What the exercise asks:
Retype all of the listing exactly, with no pictures.

Recorded data:
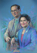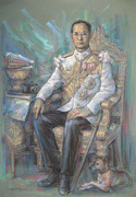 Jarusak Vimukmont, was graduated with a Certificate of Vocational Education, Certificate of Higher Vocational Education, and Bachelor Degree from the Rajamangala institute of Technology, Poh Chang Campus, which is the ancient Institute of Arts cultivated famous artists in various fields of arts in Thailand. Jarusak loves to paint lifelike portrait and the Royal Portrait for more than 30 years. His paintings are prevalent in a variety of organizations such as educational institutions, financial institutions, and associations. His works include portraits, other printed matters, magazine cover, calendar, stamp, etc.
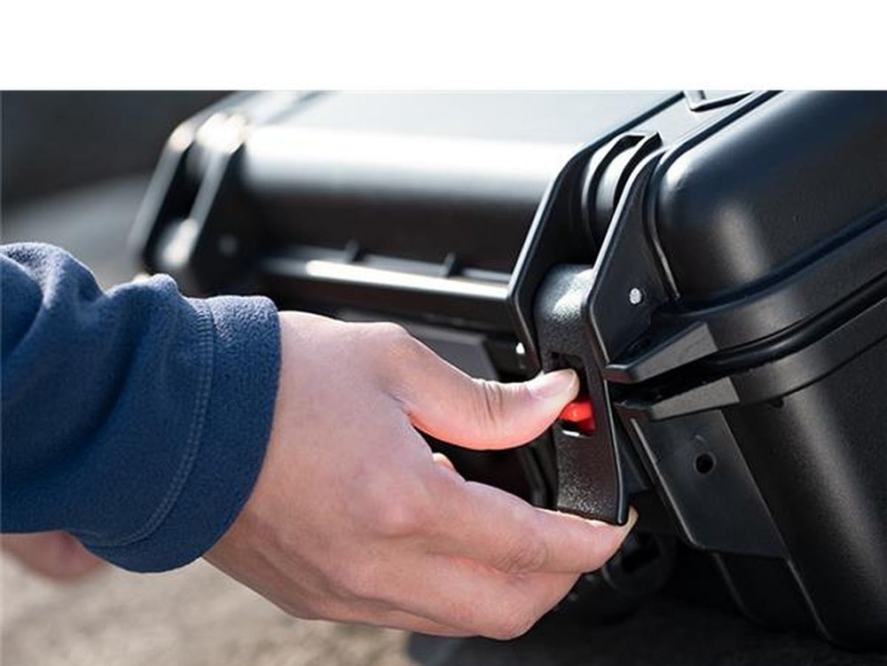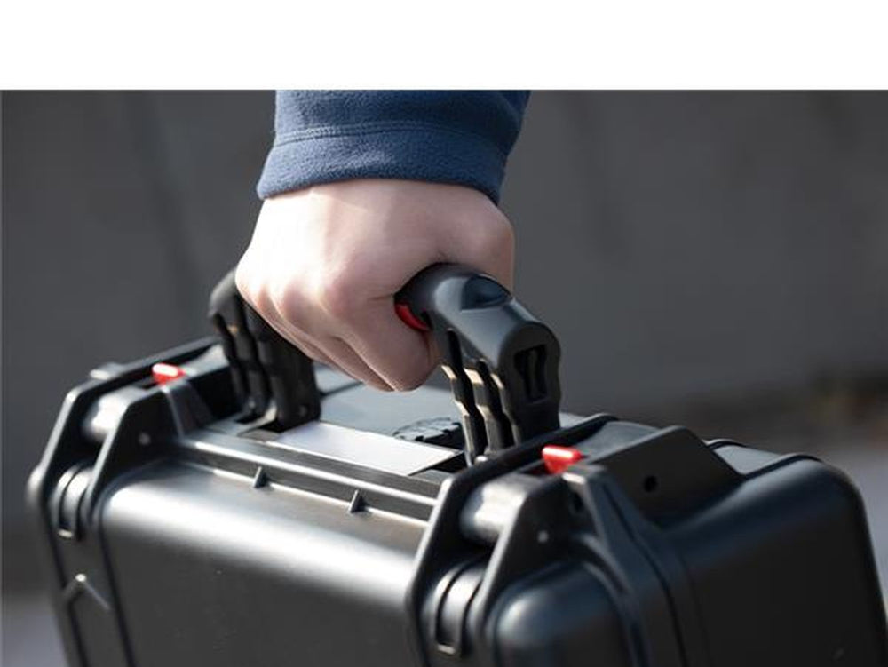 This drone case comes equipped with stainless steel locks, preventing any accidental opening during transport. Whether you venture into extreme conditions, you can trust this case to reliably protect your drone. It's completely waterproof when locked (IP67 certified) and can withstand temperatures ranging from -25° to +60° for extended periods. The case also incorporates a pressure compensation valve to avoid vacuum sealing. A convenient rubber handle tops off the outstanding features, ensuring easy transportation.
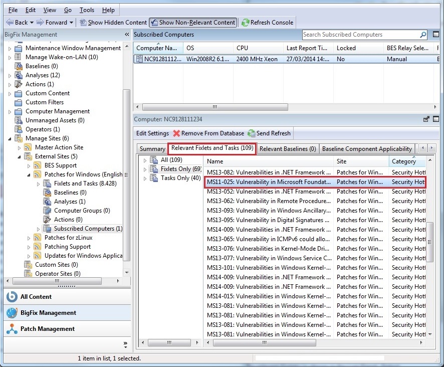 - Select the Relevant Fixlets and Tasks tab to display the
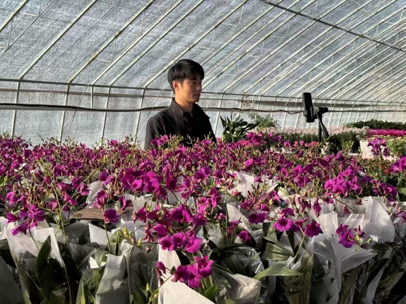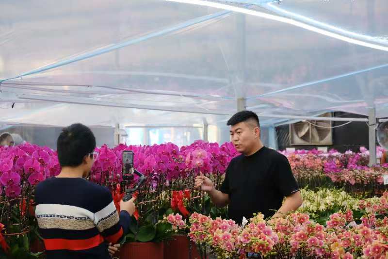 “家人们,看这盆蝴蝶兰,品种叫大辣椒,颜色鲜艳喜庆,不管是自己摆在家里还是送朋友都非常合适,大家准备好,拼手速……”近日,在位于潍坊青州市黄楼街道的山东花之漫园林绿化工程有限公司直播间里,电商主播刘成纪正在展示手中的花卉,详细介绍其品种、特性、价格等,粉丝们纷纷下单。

Answer box:
 Jarusak Vimukmont, was graduated with a Certificate of Vocational Education, Certificate of Higher Vocational Education, and Bachelor Degree from the Rajamangala institute of Technology, Poh Chang Campus, which is the ancient Institute of Arts cultivated famous artists in various fields of arts in Thailand. Jarusak loves to paint lifelike portrait and the Royal Portrait for more than 30 years. His paintings are prevalent in a variety of organizations such as educational institutions, financial institutions, and associations. His works include portraits, other printed matters, magazine cover, calendar, stamp, etc.
 This drone case comes equipped with stainless steel locks, preventing any accidental opening during transport. Whether you venture into extreme conditions, you can trust this case to reliably protect your drone. It's completely waterproof when locked (IP67 certified) and can withstand temperatures ranging from -25° to +60° for extended periods. The case also incorporates a pressure compensation valve to avoid vacuum sealing. A convenient rubber handle tops off the outstanding features, ensuring easy transportation.
 - Select the Relevant Fixlets and Tasks tab to display the
 “家人们,看这盆蝴蝶兰,品种叫大辣椒,颜色鲜艳喜庆,不管是自己摆在家里还是送朋友都非常合适,大家准备好,拼手速……”近日,在位于潍坊青州市黄楼街道的山东花之漫园林绿化工程有限公司直播间里,电商主播刘成纪正在展示手中的花卉,详细介绍其品种、特性、价格等,粉丝们纷纷下单。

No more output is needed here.